Początkowo most był wypuszczany w dzierżawę wraz z dochodami z opłat mostowych , przewozowego i spławnego, pobieranych przez dzierżawcę według zatwerdzonej przez Rząd Królestwa taryfy, która nawet w krótce około roku 1867 została znizona za otwieranie mostów od statków i tratew, należących do obywateli austrjackich.
Na spłacenie długu w Banku Polskim ratami amortyzacyjnymi szły dwie dziesiąte całej sumy dzierżawnej, nadwyżka zaś dochodów szła na pokrycie wydatków złączonych z konserwacją mostu oraz na koszta utrzymania przy nim odpowiedniej służby.
W roku 1871 ukazem cara rosyjskiego most przeszedł pod zarząd Ministerstwa Komunikacji, a dług w Banku Polskimzostał spłacony z funduszów państwowych.

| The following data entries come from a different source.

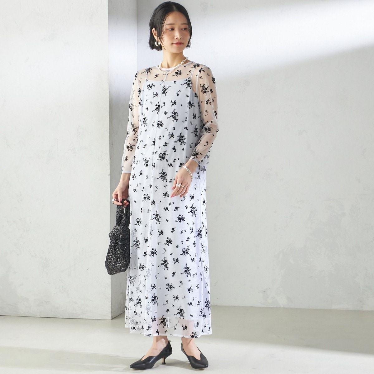 〈結婚式・パーティ〉kaene:エンブロイダリー ミックス ワンピース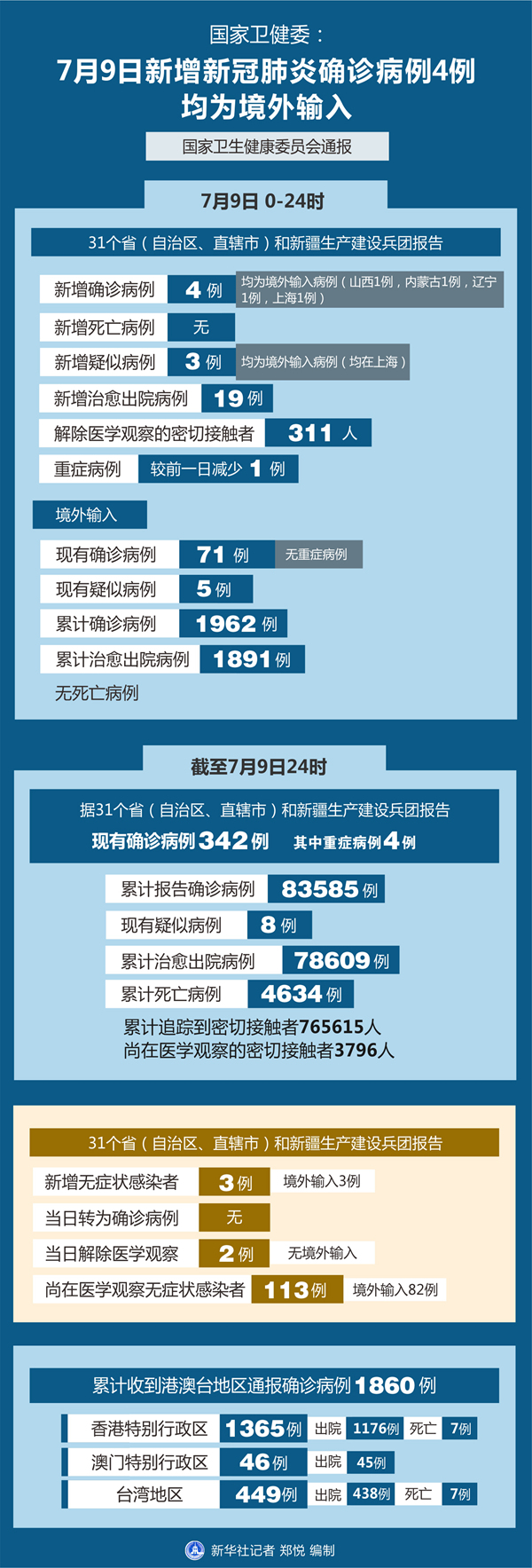 截至7月9日24時(shí),據(jù)31個(gè)?。ㄗ灾螀^(qū)、直轄市)和新疆生產(chǎn)建設(shè)兵團(tuán)報(bào)告,現(xiàn)有確診病例342例(其中重癥病例4例),累計(jì)治愈出院病例78609例,累計(jì)死亡病例4634例,累計(jì)報(bào)告確診病例83585例,現(xiàn)有疑似病例8例。累計(jì)追蹤到密切接觸者765615人,尚在醫(yī)學(xué)觀察的密切接觸者3796人。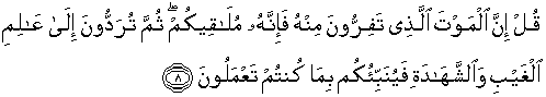 8. Katakanlah: "Sesungguhnya kematian yang kamu lari daripadanya,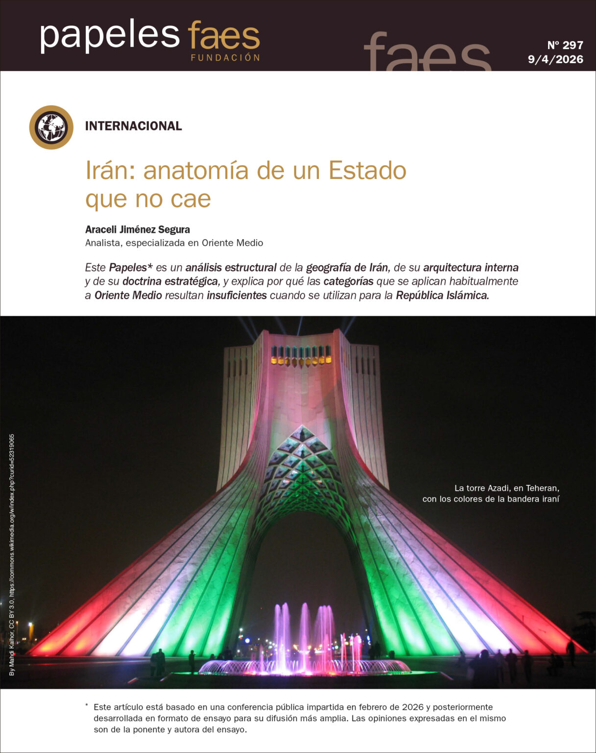 Este Papeles es un análisis estructural de la geografía de Irán, de su arquitectura interna y de su doctrina estratégica, y explica por qué las categorías que se aplican habitualmente a Oriente Medio resultan insuficientes cuando se utilizan para la República Islámica.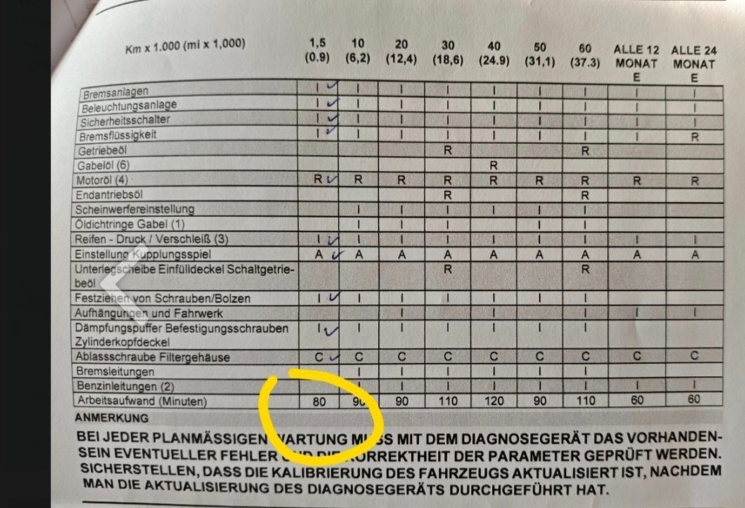 Der Arbeitsaufwand, wäre ÖL ablaufen lassen, Filter wechseln, Luftfilter ebenso, Sichtkontrollen zwischendurch Bremse, Bremsflüssigkeit Undichtigkeiten. Man kennt die üblichen Verdächtigen. Ventile einstellen dauert nochmals 20 Minuten. Ich behaupte in einer Fachwerkstatt mit Mechanikern die das alles täglich machen alles zusammen 45 Minuten. Länger bräuchte ich nicht. Als nicht-Italiener versteht ihr das aber nicht, eigentlich sind es 45 Minuten technische Arbeit plus 45 Minuten Diskusionen mit dem Cheffe und Cappuccino trinken dabei. Grüße , mako
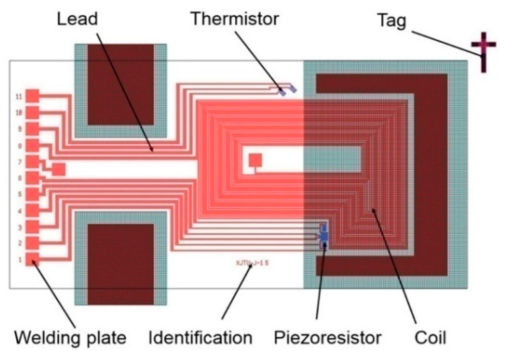 The sensing chip with the rectangular microcantilever was taken as an example to demonstrate the layout in Figure 6, where its dimensions were the same as in the simulation model. In the layout, there is a metal coil, four piezoresistors constituting the Wheatstone bridge, thermistor, identification tags, inner leads and welding pads. The sensing chip was fabricated using MEMS technology []. The microcantilever chip was excited to vibrate by the Lorentz force which was generated by the alternating current through the metal coil in the magnetic field. When the frequency of the alternating current was equal to the resonant frequency of the microcantilever chip, resonance would happen and the vibrating amplitude achieved its peak value. The amplitude data were obtained by the output of the Wheatstone bridge for the resistance values of piezoresistors were changed correspondingly. These data were fitted by the curves to calculate the resonant frequency and quality factor of the microcantilever chip. A thermistor was used to provide a reference temperature.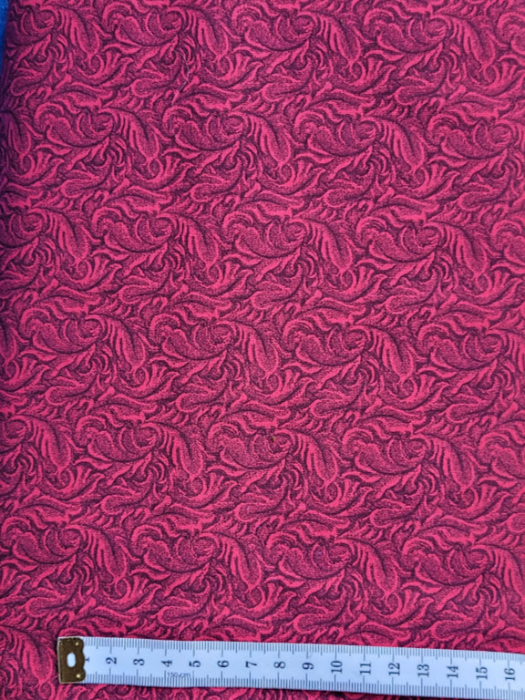 All over mid and darker pink stylised leaves with black detail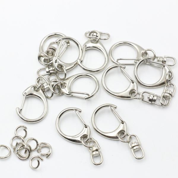 C型 キーホルダー金具 10個セット 全5色 ワンタッチナスカン 回転カン・丸カン付 C型ナスカン キーホルダー金具 キーホルダー ゴールド シルバー ブラック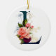 Fancy Floral Monogram Letter L Ceramic Ornament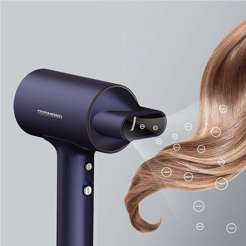 Встроенный ионизатор насыщает поток воздуха отрицательными ионами, которые улучшают состояние волос: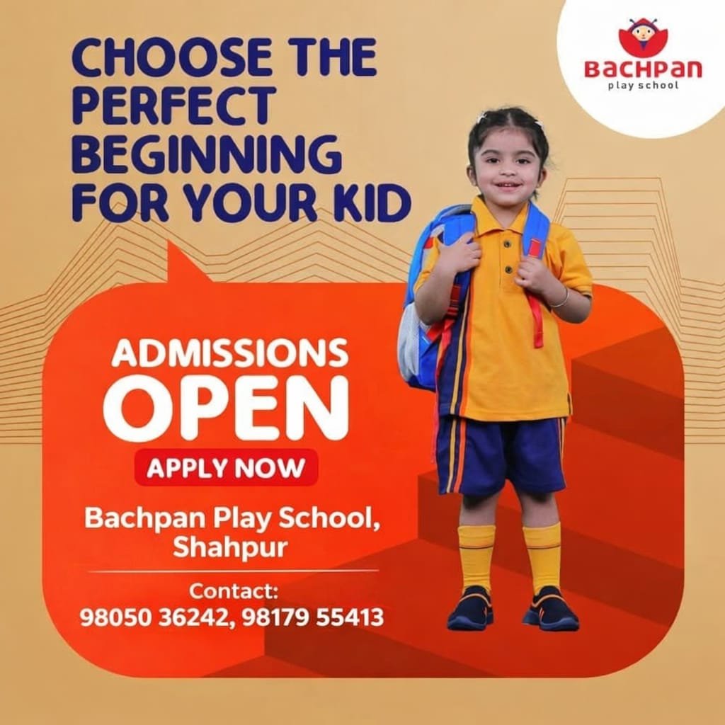 शाहपुर‌ क्षेत्र के प्रसिद्ध प्ले स्कूल Bachpan Play School, Shahpur में नए सत्र के लिए एडमिशन प्रक्रिया शुरू हो गई है। स्कूल प्रबंधन ने बच्चों के उज्ज्वल भविष्य के लिए बेहतर शिक्षा और आधुनिक सुविधाओं का भरोसा दिलाया है।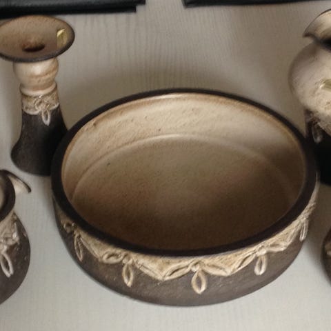 Den er fremstillet af Løvemose Keramik, som blev etableret på Langeland i 1942.
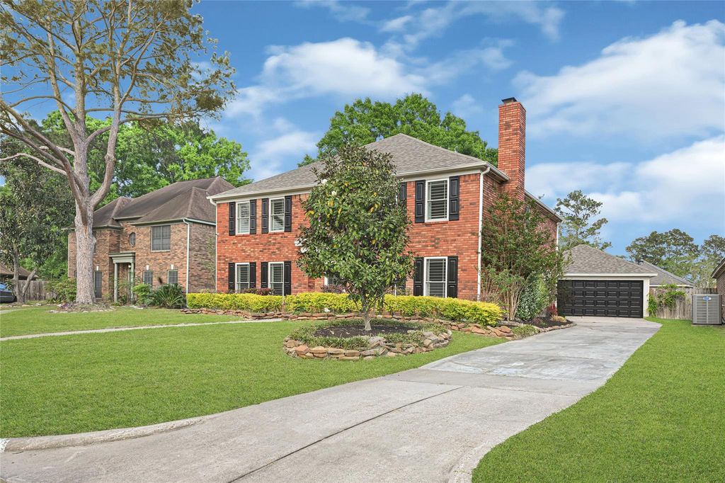Beautifully updated home in the Oaks Atascocita offering a spacious and inviting layout. Fresh interior paint, new ceiling fans, and abundant natural light create a bright and comfortable atmosphere throughout, complemented by elegant plantation shutters. The main living area features a cozy gas log fireplace and opens to a well-appointed kitchen with a farmhouse sink, perfect for everyday living and entertaining. Upstairs, you’ll find warm wood flooring that adds character and style. The primary suite provides a relaxing retreat with a double soaking tub, ideal for unwinding at the end of the day. Additional features include a Generac generator for added peace of mind, along with a refrigerator, washer and dryer for convenience. Lawn maintenance is included. Conveniently located near shopping, dining, and major roadways.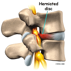 Disc Herniations![]() The spinal disc is a soft cushion that sits between each vertabrae of the spine. The spinal discs are composed of a tough spongiform ring of cartilage (annulus fibrosus) with a more malleable center (nucleus pulposis). Like a shock absorber for a car, the disc is the shock absorber for the spine. When too much pressure is placed on the disc, it bulges or herniates. Think of it like a jelly doughnut’Ķ squeeze it too hard and the jelly comes out. That is called a Herniated Disc (Slipped Disc, Bulging Disc). How Does a Herniated Disc Occur?The discs cushion the spine from compressive forces, but are weak to pressure applied during rotational movements. That is why a person who bends to one side, at a bad angle to pick something up, may more likely herniate a spinal disc than a person jumping from a ladder and landing on his or her feet. Herniation of a disc occurs when the liquid center of the disc bulges outwards, tearing the external ring of fibers, extrudes into the spinal canal, and compresses a nerve root. This extruded liquid from the nucleus pulposus may cause inflammation and swelling of surrounding tissue which may cause further compression of the nerve root in the confined space in the spinal canal. What causes symptoms of a herniated disc?When the herniated disc ruptures and pushes out, the nerves may become pinched. When a herniated disc occurs, the space for the nerves is further diminished, and irritation of the nerve results. This irritation of the nerves going down the arms or legs can lead to the characteristic signs of a disc herniation including but not limited to shooting, electrical pain down the arms and legs and numbness and tingling in the hands and feet. What are the symptoms of a herniated disc?When the spinal cord or spinal nerves become compressed, they don't work properly. This means that abnormal signals may get passed from the compressed nerves, or signals may not get passed at all. Common symptoms of a herniated disc include:

Dochody z taryfy mostowej od roku 1871 wpływają do kasy państwowej i podniosły się z 25000 do 40000 rs. rocznie, a wypuszczane są w dzierżawę drogą licytacji.
Most ten został zniszczony przez moskali w początkach wojny światowej w 1914 roku na jego miejsce niemcy pobudowali w 1915 — 1916. Ostatnio już został zatwierdzony przez Władze Państwowe projekt nowego mostu, który ma być w innem miejscu tak, aby na linii prostej łączył włocławski trakt kolejowy po jednej stronie z szosą lipnowską a po drugiej stronie Wisły.